Task description: Could you show all lines in the entries below that contain the string "with"?
BEGIN Given records
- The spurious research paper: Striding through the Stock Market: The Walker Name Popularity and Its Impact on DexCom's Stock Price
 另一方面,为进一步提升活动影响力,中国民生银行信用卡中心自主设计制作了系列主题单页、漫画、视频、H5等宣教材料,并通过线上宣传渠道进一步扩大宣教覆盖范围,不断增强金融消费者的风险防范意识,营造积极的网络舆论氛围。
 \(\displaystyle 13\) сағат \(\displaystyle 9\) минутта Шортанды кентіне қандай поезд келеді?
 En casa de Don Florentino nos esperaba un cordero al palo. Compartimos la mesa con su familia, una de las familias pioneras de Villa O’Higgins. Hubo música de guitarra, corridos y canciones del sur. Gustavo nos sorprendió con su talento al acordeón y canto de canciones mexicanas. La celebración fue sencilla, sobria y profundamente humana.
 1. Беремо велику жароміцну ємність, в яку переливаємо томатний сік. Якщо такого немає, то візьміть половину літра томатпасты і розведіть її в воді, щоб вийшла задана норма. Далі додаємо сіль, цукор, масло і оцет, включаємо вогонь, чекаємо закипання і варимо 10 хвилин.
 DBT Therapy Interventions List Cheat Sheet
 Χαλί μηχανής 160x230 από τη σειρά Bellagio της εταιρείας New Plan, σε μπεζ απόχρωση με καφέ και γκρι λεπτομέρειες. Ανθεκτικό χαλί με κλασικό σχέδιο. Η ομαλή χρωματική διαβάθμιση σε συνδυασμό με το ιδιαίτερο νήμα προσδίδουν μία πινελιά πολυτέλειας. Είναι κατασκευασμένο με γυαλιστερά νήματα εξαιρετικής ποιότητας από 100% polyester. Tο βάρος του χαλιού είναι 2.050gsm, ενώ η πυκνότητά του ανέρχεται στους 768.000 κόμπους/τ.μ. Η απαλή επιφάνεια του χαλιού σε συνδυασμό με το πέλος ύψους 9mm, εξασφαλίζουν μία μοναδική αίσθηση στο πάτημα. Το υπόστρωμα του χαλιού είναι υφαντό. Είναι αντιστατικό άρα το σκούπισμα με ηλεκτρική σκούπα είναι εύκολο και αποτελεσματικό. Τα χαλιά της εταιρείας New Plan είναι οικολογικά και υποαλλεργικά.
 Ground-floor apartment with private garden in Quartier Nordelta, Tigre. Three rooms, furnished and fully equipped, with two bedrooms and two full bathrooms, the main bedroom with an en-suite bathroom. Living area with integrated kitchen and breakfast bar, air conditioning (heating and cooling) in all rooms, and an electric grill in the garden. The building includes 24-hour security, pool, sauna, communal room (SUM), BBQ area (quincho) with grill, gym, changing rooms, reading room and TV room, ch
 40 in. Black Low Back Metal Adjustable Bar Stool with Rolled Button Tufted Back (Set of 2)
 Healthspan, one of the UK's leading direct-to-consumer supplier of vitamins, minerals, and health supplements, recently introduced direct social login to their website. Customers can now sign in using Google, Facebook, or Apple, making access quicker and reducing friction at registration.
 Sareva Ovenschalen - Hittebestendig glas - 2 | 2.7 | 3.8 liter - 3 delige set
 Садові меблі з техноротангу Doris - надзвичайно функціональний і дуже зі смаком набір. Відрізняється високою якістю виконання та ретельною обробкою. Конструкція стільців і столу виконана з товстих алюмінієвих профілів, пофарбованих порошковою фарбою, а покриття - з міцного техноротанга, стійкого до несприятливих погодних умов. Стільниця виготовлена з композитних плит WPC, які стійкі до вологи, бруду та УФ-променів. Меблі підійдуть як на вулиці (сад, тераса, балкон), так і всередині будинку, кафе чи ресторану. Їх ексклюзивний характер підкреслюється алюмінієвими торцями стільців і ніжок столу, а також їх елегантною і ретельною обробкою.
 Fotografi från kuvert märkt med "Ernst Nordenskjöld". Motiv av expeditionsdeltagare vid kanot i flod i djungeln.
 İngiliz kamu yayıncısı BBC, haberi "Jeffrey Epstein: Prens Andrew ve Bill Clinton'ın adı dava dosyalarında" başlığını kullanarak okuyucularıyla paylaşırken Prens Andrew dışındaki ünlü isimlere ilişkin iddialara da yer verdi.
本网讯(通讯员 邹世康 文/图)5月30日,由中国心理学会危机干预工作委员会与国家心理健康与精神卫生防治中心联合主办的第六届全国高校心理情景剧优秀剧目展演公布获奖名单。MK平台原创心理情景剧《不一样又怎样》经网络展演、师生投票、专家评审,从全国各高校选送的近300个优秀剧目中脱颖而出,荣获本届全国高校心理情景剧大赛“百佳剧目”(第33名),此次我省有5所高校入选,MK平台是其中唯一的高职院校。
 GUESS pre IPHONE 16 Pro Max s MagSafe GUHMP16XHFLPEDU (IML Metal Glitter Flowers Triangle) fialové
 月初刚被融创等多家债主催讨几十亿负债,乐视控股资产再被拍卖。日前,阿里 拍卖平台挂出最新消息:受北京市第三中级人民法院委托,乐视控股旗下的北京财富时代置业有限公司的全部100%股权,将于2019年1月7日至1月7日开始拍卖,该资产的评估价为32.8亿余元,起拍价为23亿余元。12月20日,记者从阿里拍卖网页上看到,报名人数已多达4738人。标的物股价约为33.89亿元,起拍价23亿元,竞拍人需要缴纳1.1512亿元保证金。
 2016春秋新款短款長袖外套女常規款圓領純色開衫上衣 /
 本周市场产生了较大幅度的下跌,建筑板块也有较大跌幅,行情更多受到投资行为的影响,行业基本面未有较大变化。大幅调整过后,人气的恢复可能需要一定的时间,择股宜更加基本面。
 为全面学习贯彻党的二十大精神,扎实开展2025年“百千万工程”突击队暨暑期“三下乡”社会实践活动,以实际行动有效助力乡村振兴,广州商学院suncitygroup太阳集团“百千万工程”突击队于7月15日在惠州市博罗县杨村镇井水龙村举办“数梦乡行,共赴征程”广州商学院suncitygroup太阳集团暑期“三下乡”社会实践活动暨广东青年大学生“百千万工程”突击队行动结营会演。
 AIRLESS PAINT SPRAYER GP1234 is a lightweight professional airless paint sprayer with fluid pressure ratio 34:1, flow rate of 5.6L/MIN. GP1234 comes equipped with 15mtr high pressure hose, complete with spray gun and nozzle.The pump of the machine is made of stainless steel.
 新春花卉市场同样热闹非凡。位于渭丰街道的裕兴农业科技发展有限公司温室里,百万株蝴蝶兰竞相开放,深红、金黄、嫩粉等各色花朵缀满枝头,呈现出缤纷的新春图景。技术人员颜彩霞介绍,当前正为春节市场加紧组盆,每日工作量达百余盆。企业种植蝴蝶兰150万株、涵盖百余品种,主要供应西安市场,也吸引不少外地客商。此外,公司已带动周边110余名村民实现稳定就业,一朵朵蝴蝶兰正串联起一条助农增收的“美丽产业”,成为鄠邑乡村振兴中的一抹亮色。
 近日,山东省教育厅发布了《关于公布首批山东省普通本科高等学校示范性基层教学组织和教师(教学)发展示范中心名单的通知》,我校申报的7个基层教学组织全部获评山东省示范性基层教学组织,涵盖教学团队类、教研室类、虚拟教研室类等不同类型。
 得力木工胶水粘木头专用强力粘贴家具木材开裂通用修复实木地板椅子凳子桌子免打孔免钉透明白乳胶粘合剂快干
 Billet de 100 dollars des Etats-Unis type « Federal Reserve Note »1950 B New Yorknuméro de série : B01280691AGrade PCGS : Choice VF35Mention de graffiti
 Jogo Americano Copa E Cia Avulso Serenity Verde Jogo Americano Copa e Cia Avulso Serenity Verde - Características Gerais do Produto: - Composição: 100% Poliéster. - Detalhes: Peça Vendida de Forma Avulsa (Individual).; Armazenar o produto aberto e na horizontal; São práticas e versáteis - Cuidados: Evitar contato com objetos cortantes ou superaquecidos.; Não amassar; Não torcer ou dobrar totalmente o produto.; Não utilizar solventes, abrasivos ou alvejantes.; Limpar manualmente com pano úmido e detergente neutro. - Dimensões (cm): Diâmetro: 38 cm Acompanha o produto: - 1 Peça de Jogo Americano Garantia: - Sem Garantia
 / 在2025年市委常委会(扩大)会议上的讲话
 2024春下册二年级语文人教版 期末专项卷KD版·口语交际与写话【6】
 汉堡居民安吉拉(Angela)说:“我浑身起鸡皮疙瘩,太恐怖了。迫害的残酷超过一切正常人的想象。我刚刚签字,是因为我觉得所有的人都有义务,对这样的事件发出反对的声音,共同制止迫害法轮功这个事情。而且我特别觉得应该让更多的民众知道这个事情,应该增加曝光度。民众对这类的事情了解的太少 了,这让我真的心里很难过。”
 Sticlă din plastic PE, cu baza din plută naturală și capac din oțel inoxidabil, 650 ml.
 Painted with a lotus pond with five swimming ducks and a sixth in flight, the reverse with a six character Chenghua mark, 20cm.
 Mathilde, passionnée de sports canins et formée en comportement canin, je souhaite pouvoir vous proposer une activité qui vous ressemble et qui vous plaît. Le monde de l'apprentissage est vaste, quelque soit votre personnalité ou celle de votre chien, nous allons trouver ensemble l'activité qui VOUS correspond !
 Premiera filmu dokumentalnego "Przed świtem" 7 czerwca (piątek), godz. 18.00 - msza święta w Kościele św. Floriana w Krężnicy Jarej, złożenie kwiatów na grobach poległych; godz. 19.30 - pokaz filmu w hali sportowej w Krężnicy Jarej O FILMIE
END Given records
Solution for this problem:
 Ground-floor apartment with private garden in Quartier Nordelta, Tigre. Three rooms, furnished and fully equipped, with two bedrooms and two full bathrooms, the main bedroom with an en-suite bathroom. Living area with integrated kitchen and breakfast bar, air conditioning (heating and cooling) in all rooms, and an electric grill in the garden. The building includes 24-hour security, pool, sauna, communal room (SUM), BBQ area (quincho) with grill, gym, changing rooms, reading room and TV room, ch
 40 in. Black Low Back Metal Adjustable Bar Stool with Rolled Button Tufted Back (Set of 2)
 AIRLESS PAINT SPRAYER GP1234 is a lightweight professional airless paint sprayer with fluid pressure ratio 34:1, flow rate of 5.6L/MIN. GP1234 comes equipped with 15mtr high pressure hose, complete with spray gun and nozzle.The pump of the machine is made of stainless steel.
 Painted with a lotus pond with five swimming ducks and a sixth in flight, the reverse with a six character Chenghua mark, 20cm.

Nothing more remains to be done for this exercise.